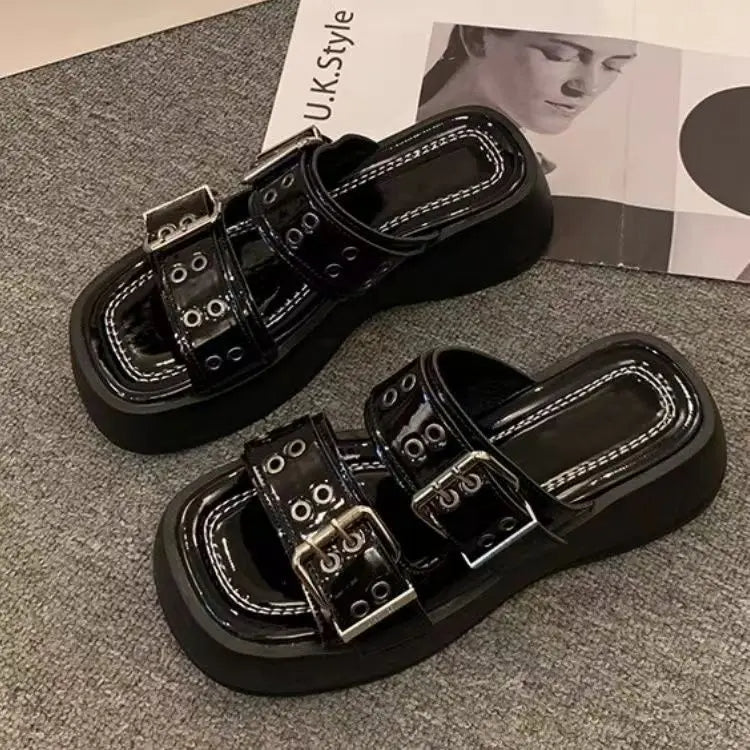 • Our gothic punk slides are built for comfort and style. Made from high quality PU Leather, that is tough and durable but provides a bit of give. These shoes are designed to take a few knocks and be around for a while. Lightweight and super comfortable they are perfect in hot weather as they let your feet breathe while adding a touch of flare to any outfit.
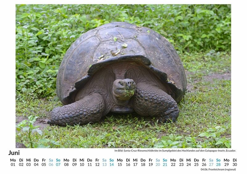 Entdecken Sie die faszinierende Welt der Santa Cruz Riesenschildkröte mit unserem exklusiven Wandkalender! Tauchen Sie Monat für Monat in die beeindruckende Schönheit dieser majestätischen Tiere ein - festgehalten in 12 atemberaubenden Motiven, die auf hochwertigem, lichtbeständigem Bilderdruckpapier erstrahlen. Gedruckt in Deutschland auf FSC-zertifiziertem Papier, vereint dieser Kalender Nachhaltigkeit und Ästhetik in Perfektion. Ob als Geschenk oder für Ihr eigenes Zuhause - dieser Kalender ist ein echter Hingucker und bringt die Ruhe und Gelassenheit der Natur direkt an Ihre Wand. Sichern Sie sich jetzt Ihr Exemplar und lassen Sie sich inspirieren! Hochwertig Erleben Sie ein Jahr voller Eleganz mit unserem Premium-Fotokalender. Jedes der 12 Motive ist auf hochwertigem, lichtbeständigem Bilderdruckpapier gedruckt, um die Lebendigkeit jedes Bildes zu bewahren. Die robuste Spiralbindung gewährleistet Langlebigkeit und einfache Handhabung. Nachhaltig Unser Engagement für die Umwelt spiegelt sich in jedem Exemplar wider. Durch die Produktion auf Abruf reduzieren wir signifikant unseren Abfall. Wir verwenden ausschließlich umweltfreundliches, FSC-zertifiziertes Papier. Stolz gefertigt in Deutschland, achten wir bei unserer Logistik auf Klimaschutz, um unseren ökologischen Fußabdruck zu minimieren. Das ideale Geschenk Dieser Kalender ist das perfekte Präsent für jeden Anlass - ob Weihnachten, Geburtstage oder einfach als liebevolle Aufmerksamkeit zwischendurch. Geeignet für Freunde, Familie, Kinder und Erwachsene gleichermaßen, bereichert er jedes Zuhause mit seiner Vielfalt und Schönheit, unabhängig vom Alter der Beschenkten.
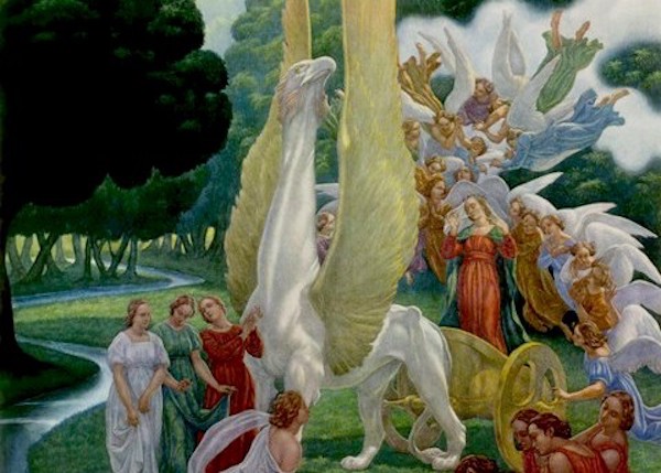 And then comes the revolutionary insight: as the pilgrim is looking at both the griffin and the reflection of it in Beatrice’s eyes, he notices that the real griffin in front of him is stable, but the image and reflection of it within his soul, is transforming. Thus we have a new overall image for the journey: a way of visualizing both God, and our perception of God within our Soul simultaneously, the latter growing and changing.
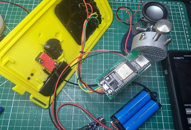 Rather than retrofitting real-world Geiger counters, a hollow classic-style yellow shell was used. The enclosure is clearly 3D printed, lightweight, and not intended as a museum replica. Five large LEDs and an oversized switch were chosen for clarity under stress, prioritising usability over realism.
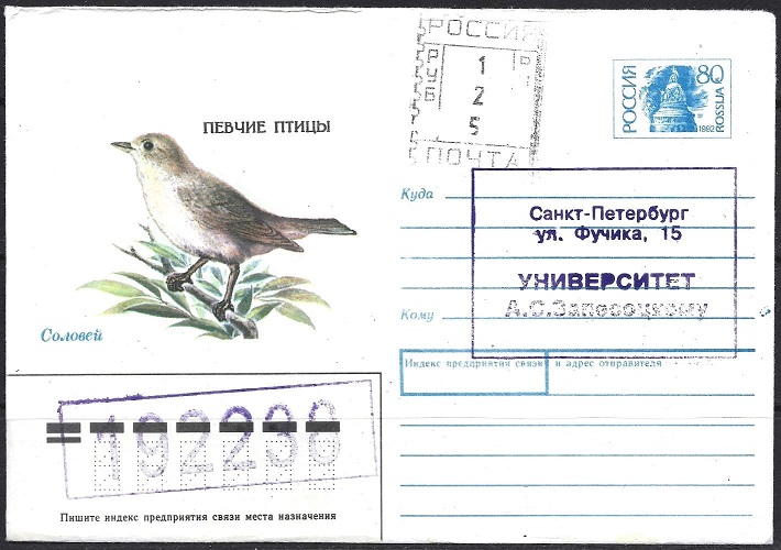 Конверт Певчие птицы. Соловей (1). 10.07.1992 год. Прошел почту.
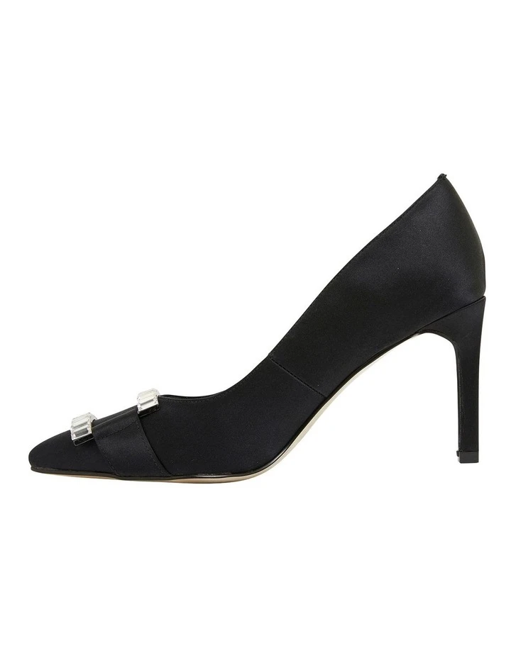 MADISON is the elevated take on a staple silhouette heel. Theyre meticulously crafted with a fabric upper thats embellished with jewels, an adjustable ankle strap, then shaped with a pointed toe and classic cone heel. Team this under event ready outfits to anchor a glamorous aesthetic.
______________________________
Task to carry out
Every entry above needs to be duplicated exactly, without its images.

Exercise result
 • Our gothic punk slides are built for comfort and style. Made from high quality PU Leather, that is tough and durable but provides a bit of give. These shoes are designed to take a few knocks and be around for a while. Lightweight and super comfortable they are perfect in hot weather as they let your feet breathe while adding a touch of flare to any outfit.
 Entdecken Sie die faszinierende Welt der Santa Cruz Riesenschildkröte mit unserem exklusiven Wandkalender! Tauchen Sie Monat für Monat in die beeindruckende Schönheit dieser majestätischen Tiere ein - festgehalten in 12 atemberaubenden Motiven, die auf hochwertigem, lichtbeständigem Bilderdruckpapier erstrahlen. Gedruckt in Deutschland auf FSC-zertifiziertem Papier, vereint dieser Kalender Nachhaltigkeit und Ästhetik in Perfektion. Ob als Geschenk oder für Ihr eigenes Zuhause - dieser Kalender ist ein echter Hingucker und bringt die Ruhe und Gelassenheit der Natur direkt an Ihre Wand. Sichern Sie sich jetzt Ihr Exemplar und lassen Sie sich inspirieren! Hochwertig Erleben Sie ein Jahr voller Eleganz mit unserem Premium-Fotokalender. Jedes der 12 Motive ist auf hochwertigem, lichtbeständigem Bilderdruckpapier gedruckt, um die Lebendigkeit jedes Bildes zu bewahren. Die robuste Spiralbindung gewährleistet Langlebigkeit und einfache Handhabung. Nachhaltig Unser Engagement für die Umwelt spiegelt sich in jedem Exemplar wider. Durch die Produktion auf Abruf reduzieren wir signifikant unseren Abfall. Wir verwenden ausschließlich umweltfreundliches, FSC-zertifiziertes Papier. Stolz gefertigt in Deutschland, achten wir bei unserer Logistik auf Klimaschutz, um unseren ökologischen Fußabdruck zu minimieren. Das ideale Geschenk Dieser Kalender ist das perfekte Präsent für jeden Anlass - ob Weihnachten, Geburtstage oder einfach als liebevolle Aufmerksamkeit zwischendurch. Geeignet für Freunde, Familie, Kinder und Erwachsene gleichermaßen, bereichert er jedes Zuhause mit seiner Vielfalt und Schönheit, unabhängig vom Alter der Beschenkten.
 And then comes the revolutionary insight: as the pilgrim is looking at both the griffin and the reflection of it in Beatrice’s eyes, he notices that the real griffin in front of him is stable, but the image and reflection of it within his soul, is transforming. Thus we have a new overall image for the journey: a way of visualizing both God, and our perception of God within our Soul simultaneously, the latter growing and changing.
 Rather than retrofitting real-world Geiger counters, a hollow classic-style yellow shell was used. The enclosure is clearly 3D printed, lightweight, and not intended as a museum replica. Five large LEDs and an oversized switch were chosen for clarity under stress, prioritising usability over realism.
 Конверт Певчие птицы. Соловей (1). 10.07.1992 год. Прошел почту.
 MADISON is the elevated take on a staple silhouette heel. Theyre meticulously crafted with a fabric upper thats embellished with jewels, an adjustable ankle strap, then shaped with a pointed toe and classic cone heel. Team this under event ready outfits to anchor a glamorous aesthetic.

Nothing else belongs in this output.